# x-mas



## Bear (Jun 8, 2006)

ok guys, even though I have had a couple problems with my new set up there could be a second tank in my near future.

My mother is very excited about my involvement in SW so I took her to the LFS with me this afternoon. After she spent about 30 mins trying to pick out a coral for my tank I took her to the half of the store filled with empty tanks, stands, and canopies. I pointed at the 135 gallon and said "see, now I wan't one of those"...she looked at me and said, "I'm sure you do". After a little walking around she pointed out a 40 gallon corner tank and said, "Wow, that would be cute in the entry way."

This leads me to believe that if I were to ask for a new SW setup for christmas I could not only get it, but already have a neat place to put it.

So, I guess what I am saying is, please give any suggestions you can. If this tank is going to happen, it is going to be a show tank for the entry way (it may be bigger b/c of this) and everything, from the sand to the skimmer, to the stock, needs to be planned out far ahead of time. Keeping in mind that this will be to impress those who do not understand the hobby while maintaining a more than decent 40 gallon corner tank.

Thanks! I cant wait to read some of your ideas


----------



## Bear (Jun 8, 2006)

wow, so no one has any ideas?


----------



## vvolfe1 (Oct 9, 2006)

Bear, not really sure what the question is. Are you asking how to clinch the deal with your mom buying the tank? Or are you asking how and what to get for an ideal set up?
As for me I'm kinda jealous I had to take my 5 & 6 year olds to the LFS to get my wife interested first. lol


----------



## Bear (Jun 8, 2006)

i guess I shoulda been more clear.

what I am asking is what you would do with this tank. How you would set it up, how you would stock it, etc


----------



## flamingo (Nov 5, 2005)

The best thing to do would plan it out yourself, get the basics understood, make a list of possible fish and inverts YOU like, and get back to us on it. We can make suggestions, criticism, etc.

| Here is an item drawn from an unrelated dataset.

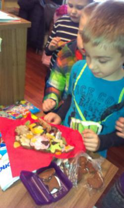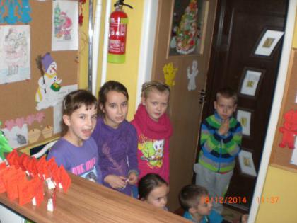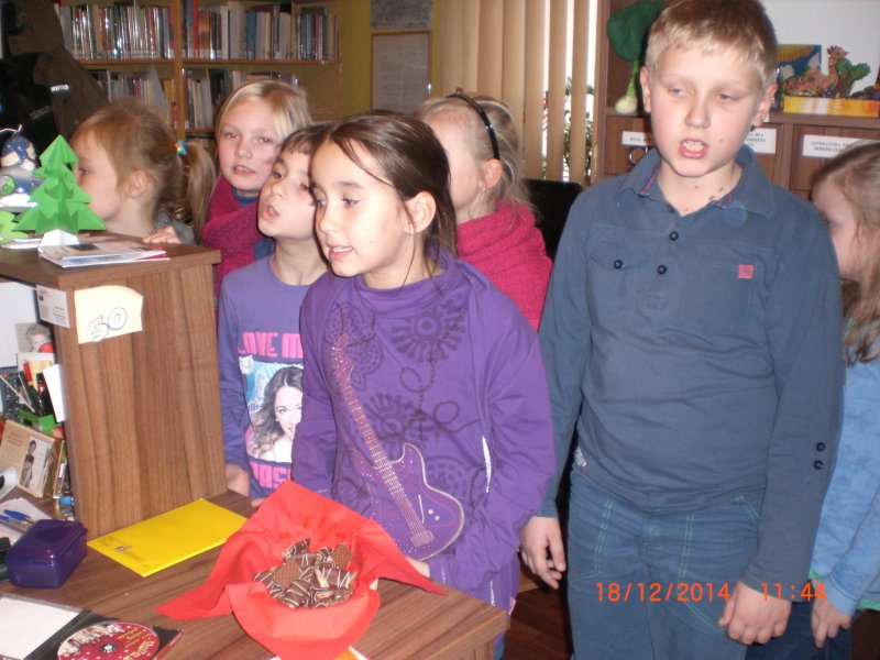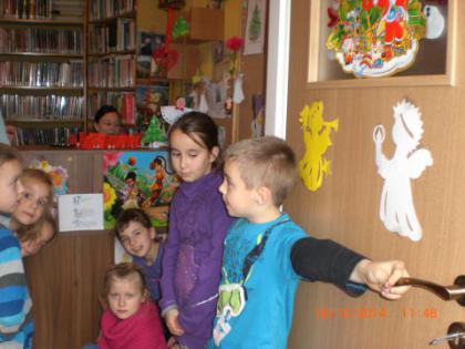 W świątecznym wystroju biblioteki dzieci śpiewały kolędy. Po pięknym występie zostały poczęstowane pierniczkami i słodyczami. Znalazł się też czas na wspólną zabawę.

If you asked me..id just yell pipefish at you and run away .


----------



## Bear (Jun 8, 2006)

ok...well then when I get the time I think I'll come back to it
thanks


----------



## blcknwitecuban (Apr 17, 2006)

hmmm.. not into SW yet but....

pistol shrimp
2 watchmen gobies...
um clownfish
pretty colorful coral stuff...
uhhhh.... dories
um.... seahorses?

ok.. im done


----------



## Fishfirst (Jan 24, 2005)

LOL... In a 40 gallon corner I would do all very small sized fishes like small gobies blennies dartfish cardinalfish ect.


----------



## flamingo (Nov 5, 2005)

blcknwitecuban said:


> hmmm.. not into SW yet but....
> 
> pistol shrimp
> 2 watchmen gobies...
> ...



LMAO!


But anywho, I didn't mean to come off negative before, it's just, i've been through this before. 5 pages going and on and with the same person saying no to everything suggested


----------



## Bear (Jun 8, 2006)

...I had no plans to say no, In fact I would love to hear what everyone has to say, but when I get time I will put together a list

I just went and checked out the tank, I was wrong It is a 60 gallon corner tank.


----------



## vvolfe1 (Oct 9, 2006)

All glass has a 54 gallon and a 92 gallon tanks with built in overflows that look really nice. Perfecto makes a 70 gallon corner bow front too. Not sure how Perfecto rates maybe someone could tell? 
I'll post what my set up is going to end up being in a different thread. hopefully it will work well and give you some ideas too.


----------



## Reefneck (Oct 15, 2005)

Perfecto is like the Volkswagon of aquariums. Not real bad but not great either. All-Glass & Oceanic are owned by the same company. the 54 & 92 Corners are both very nice tanks when obtained with built in overflow.


----------



## vvolfe1 (Oct 9, 2006)

Thanks Reefneck, Thats a pretty good analogy. Kinda along what I was thinking too.


----------



## blcknwitecuban (Apr 17, 2006)

i like those watchmen gobies with the pistol shrimp! they take care of each other and stuff. i was watching something about them on animal planet ans it was COOL. id do those


----------



## cheseboy (Aug 5, 2005)

Maybe a True Percula or a maroon clown? Clownfish are hard to resist by most people now days since "Finding Nemo" came out but beware, clowns bite your finger every time you put it in the aquarium and they are aggressive, especially the maroon. I have a friend who took his aggressive fin nipping true percula clown out of his 280 and he literally screamed at it. Now it it the only resident of his refugium. I think they are worth the trouble as long as you rearrange the rock work before you put anything else in to mess up his established territory and if you can accept that you may have to return fish the fish store is the clown dosen't like (still fin nips) after rearranging the rockwork.


----------



## Ice (Sep 25, 2006)

You can't go wrong with Tank-raised Ocellaris Clownfishes.


----------



## Bear (Jun 8, 2006)

that would be neat, and I'm lovin' the Clark I just put in my 40


----------